Visualizing NetApp disk performance and latency

If you have decent NetApp monitoring, you should of course be monitoring the thing that matters  – and (for most applications) that is the latency of requests on a volume (or LUN.)

Easy enough to get – with LogicMonitor it’s graphed and alerted on automatically, for every volume. But of course when there is an issue, the focus changes to why there is latency. Usually it’s a limitation of the disks in the aggregate being IO bound. Assuming there is no need for a reallocate (the disks are evenly loaded – I’ll write a separate article about how to determine that), how can you tell when what level of disk busy-ness is acceptable? Visualizing that performance like the below is what this post is about.

 

Disks may be rated to 250 IOps – but that doesn’t mean that latency won’t be affected well before that level.  As the disks approach 100% busy, latency of each request increases. (Which makes sense – the only way to keep a disk busy is to have work queued up waiting for it – which of course will increase the response time for those requests.)

Having a plot of how that latency increases with workload in your environment is a good thing to have.

A quick example of how to follow this through:

Check if latency is really an issue (often people blame storage performance when that is not the issue.)

In this case, this volume is clearly experiencing periods of slow performance.

The next step in real troubleshooting here would be to verify whether the disks are balanced or if the aggregate needs a reallocate. Assuming the disks are balanced, that means you can use any disk in the aggregate (except the parity disks) as representative.

Looking at a disk in this aggregate, we see a disk that is busy – but not 100% busy:

We can also see the number of operations per second tracking the disk busy-ness:

So eyeballing the above graphs, you can see that the disk busy-ness tracks latency – but it would be nice to get a clearer view of that.

So this is something LogicMonitor cannot do directly (yet) – but it can get help you get there.  You need to create a dashboard custom graph showing both total latency for a volume and the disk operations for a non-parity disk on the same aggregate, defined like this:

Then you end up with a graph like this:

To convert this into a scatter plot, click the magnifying glass to view the SmartGraph, then download the data (via the handy Download button) in csv form.

Open the data in Excel or OpenOffice; sort by IOps; add a chart of type Scatterplot using the two columns IOps and Latency as the data range; first row is label but first column is NOT a label; give it some axis titles, and you should end with a nice plot like the below:

So you can see that on this NetApp, with this workload, performance is good until around 100 IOps per second, at which time latency becomes much more variable.  So if performance is critical, keep each spindle less than 50% busy.  Note that this performance profile is specific to the workload – ratio of reads to write; size of transfers, etc.

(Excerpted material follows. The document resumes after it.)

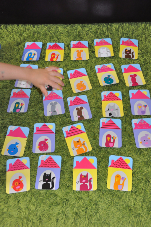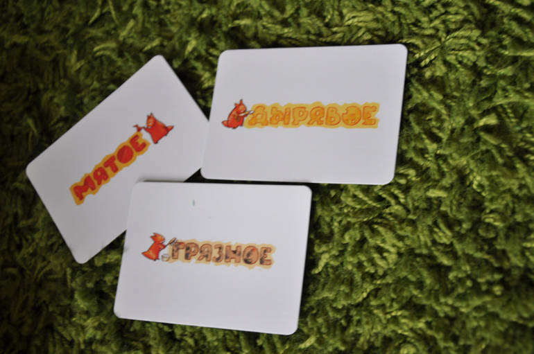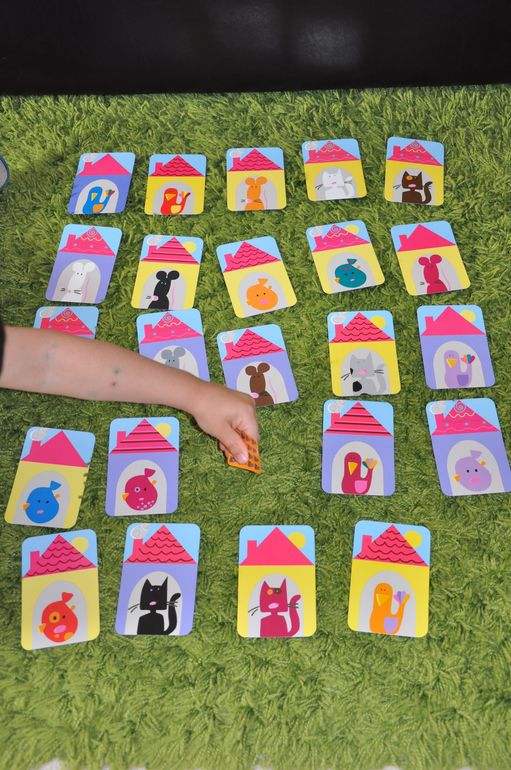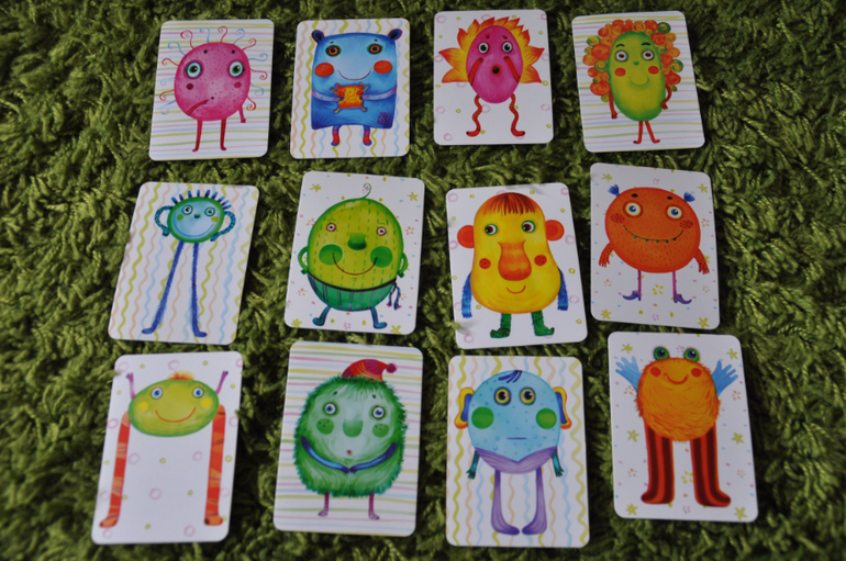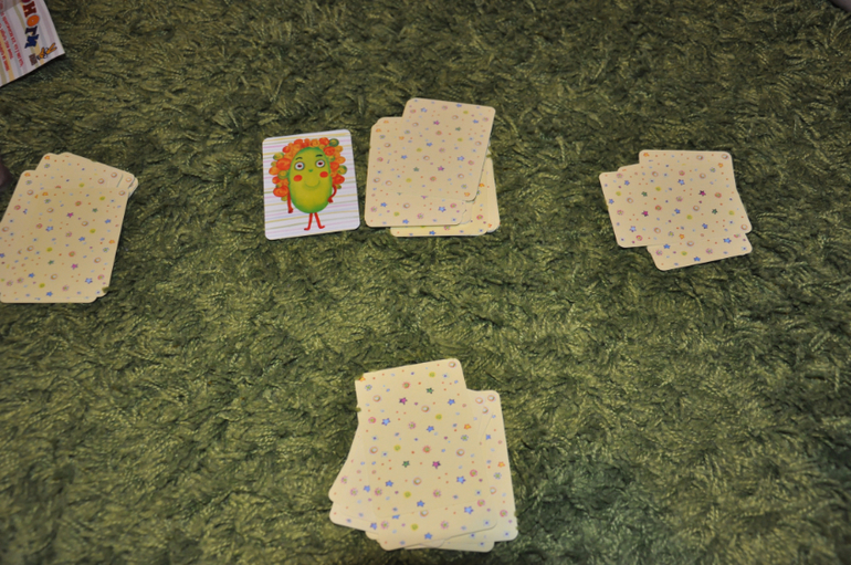 Мы играем в первый вариант - раздаем по 8 карт, а затем ищем на скорость "своих" на поочередно открываемых картинках-путаница:

So what if you’ve done the analysis, and you’re seeing disk utilization in the range of IOps that adversely impacts latency? Well, if you are running VMware or other virtualization systems with their storage on your NetApps – make sure you have aligned the VM’s guest filesystem to NetApp’s expected 4K blocks.

Otherwise, you need to move your workload around – transfer volumes to other aggregates or filers; or add more physical disks to your aggregate. But having the data to back up your decisions is always a good thing.